Exercise objective
Your answer must be an exact copy of the lines below, from the first through the one with "1R、龍はグローブタッチを求", with no pictures.

Data
-=-=-

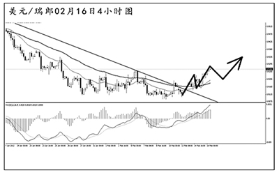 美元兌瑞郎升破了下降壓力線之后持續(xù)上揚(yáng),目前匯價(jià)正在考驗(yàn)0.9260的道氏高點(diǎn)阻力,4小時(shí)圖MACD多頭動(dòng)能充盈。從日線圖上看,若匯價(jià)重新升破均線系統(tǒng)的壓制,后市仍有機(jī)會(huì)繼續(xù)沖擊前高0.9595一線的阻力。短線等待調(diào)整節(jié)奏出現(xiàn)后可繼續(xù)做多。
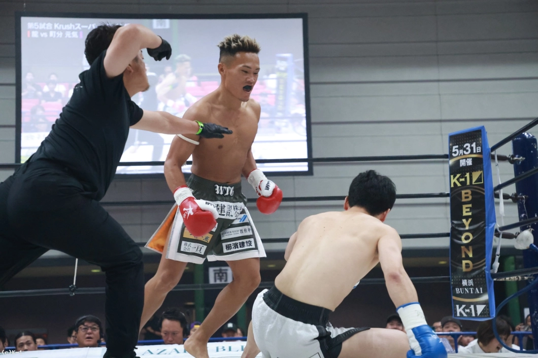 1R、龍はグローブタッチを求める町分に応じず開始からストレートで襲って横向きにさせ、続いての右ストレートでダウンを奪う。立ち上がった町分だがダメージがあり、龍がワンツーから右フックでなぎ倒してノックアウトした。
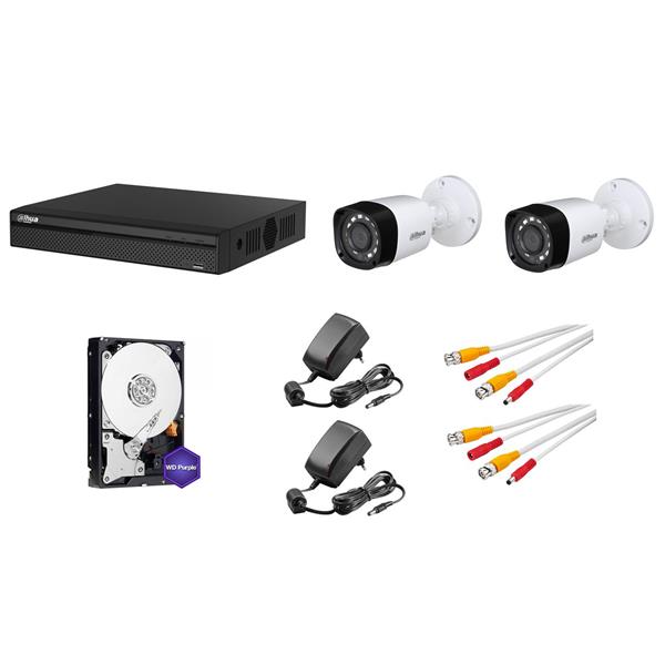 Kit de vidéosurveillance complet comprenant : 2 caméras Tube HDCVI 720P (HACHFW1000R) + 2 alimentations 12V (ALIMDC12V) + 1 enregistreur HDCVI Tribrid 720P (HCVR4104HSS3) + 1 disque dur 1To (DD1T) + 2 cordons vidéo combiné (BNC + Alimentation) de 18m (VSC180WS).

-=-=-

Completed task
 美元兌瑞郎升破了下降壓力線之后持續(xù)上揚(yáng),目前匯價(jià)正在考驗(yàn)0.9260的道氏高點(diǎn)阻力,4小時(shí)圖MACD多頭動(dòng)能充盈。從日線圖上看,若匯價(jià)重新升破均線系統(tǒng)的壓制,后市仍有機(jī)會(huì)繼續(xù)沖擊前高0.9595一線的阻力。短線等待調(diào)整節(jié)奏出現(xiàn)后可繼續(xù)做多。
 1R、龍はグローブタッチを求める町分に応じず開始からストレートで襲って横向きにさせ、続いての右ストレートでダウンを奪う。立ち上がった町分だがダメージがあり、龍がワンツーから右フックでなぎ倒してノックアウトした。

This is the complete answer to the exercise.